[Exercise requirements] Reproduce the entire listing exactly as written, apart from its pictures.

[Data block]
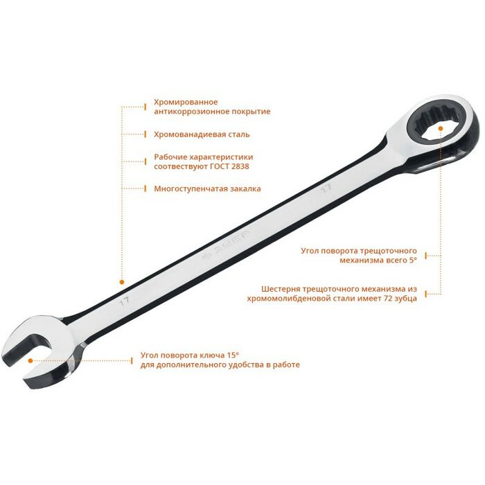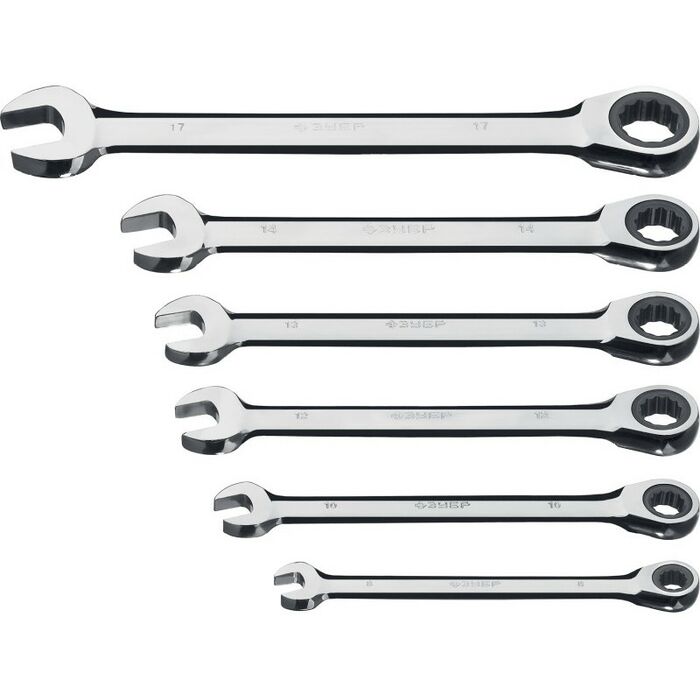 Набор комбинированных гаечных ключей трещоточных Зубр 27074-H6 6 шт, 8 - 17 мм
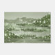 Abstrakte mediterrane Bergszene mit Seen gesäumt von immergrünen Bäumen und Vögeln und Glitzer-Fackel.
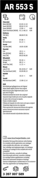 Отзывы и вопросы о Щетки стеклоочистителя Bosch Aerotwin AR553S бескаркасные 550мм/340мм 2шт (3397007589) (46002335)
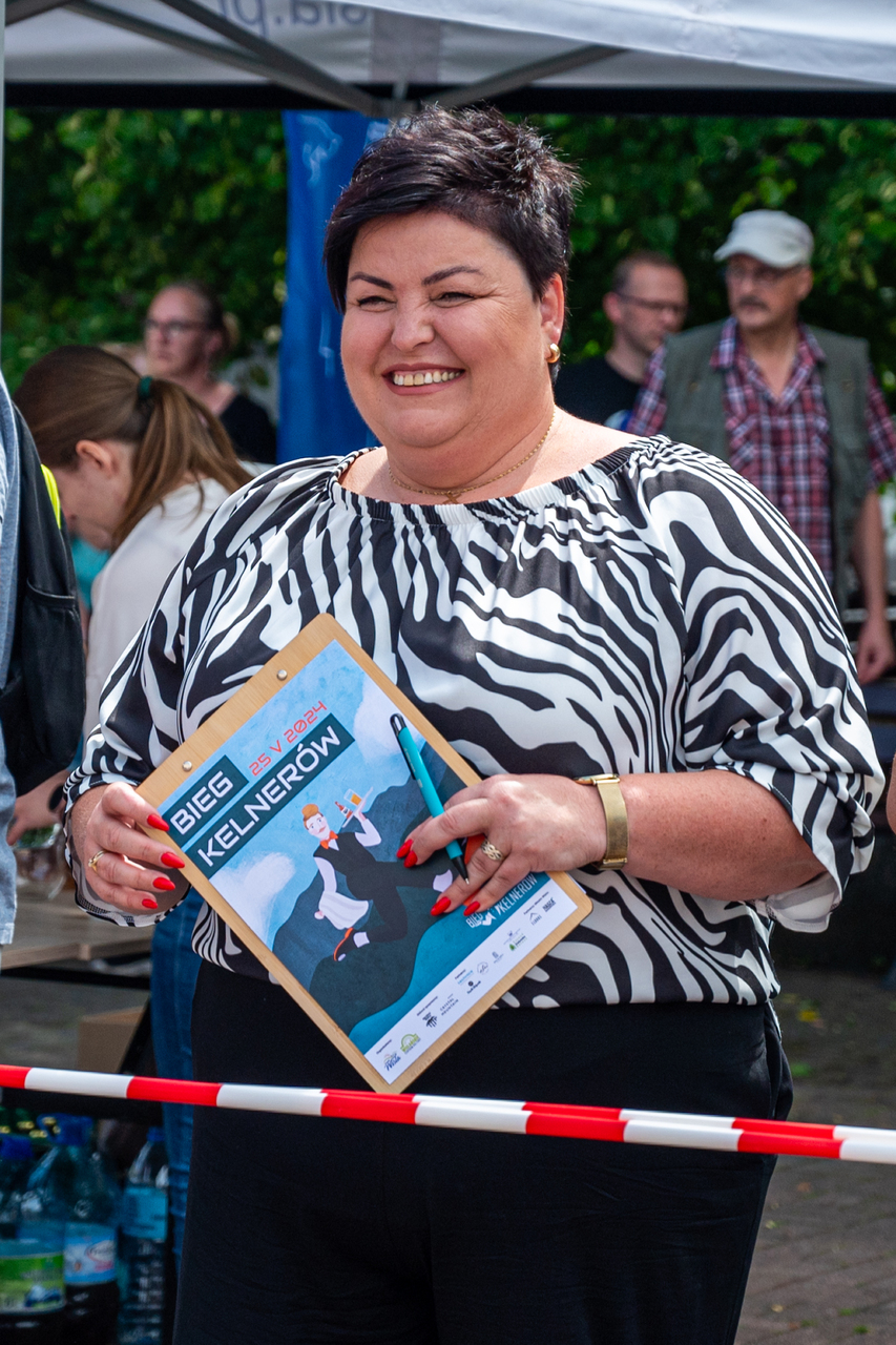 Uczestników i kibiców biegu tuż przed startem przywitała wiceburmistrzyni Katarzyna Czyż-Kaźmierczak, która życzyła kelnerkom i kelnerom połamania tac.

[Answer area]
 Набор комбинированных гаечных ключей трещоточных Зубр 27074-H6 6 шт, 8 - 17 мм
 Abstrakte mediterrane Bergszene mit Seen gesäumt von immergrünen Bäumen und Vögeln und Glitzer-Fackel.
 Отзывы и вопросы о Щетки стеклоочистителя Bosch Aerotwin AR553S бескаркасные 550мм/340мм 2шт (3397007589) (46002335)
 Uczestników i kibiców biegu tuż przed startem przywitała wiceburmistrzyni Katarzyna Czyż-Kaźmierczak, która życzyła kelnerkom i kelnerom połamania tac.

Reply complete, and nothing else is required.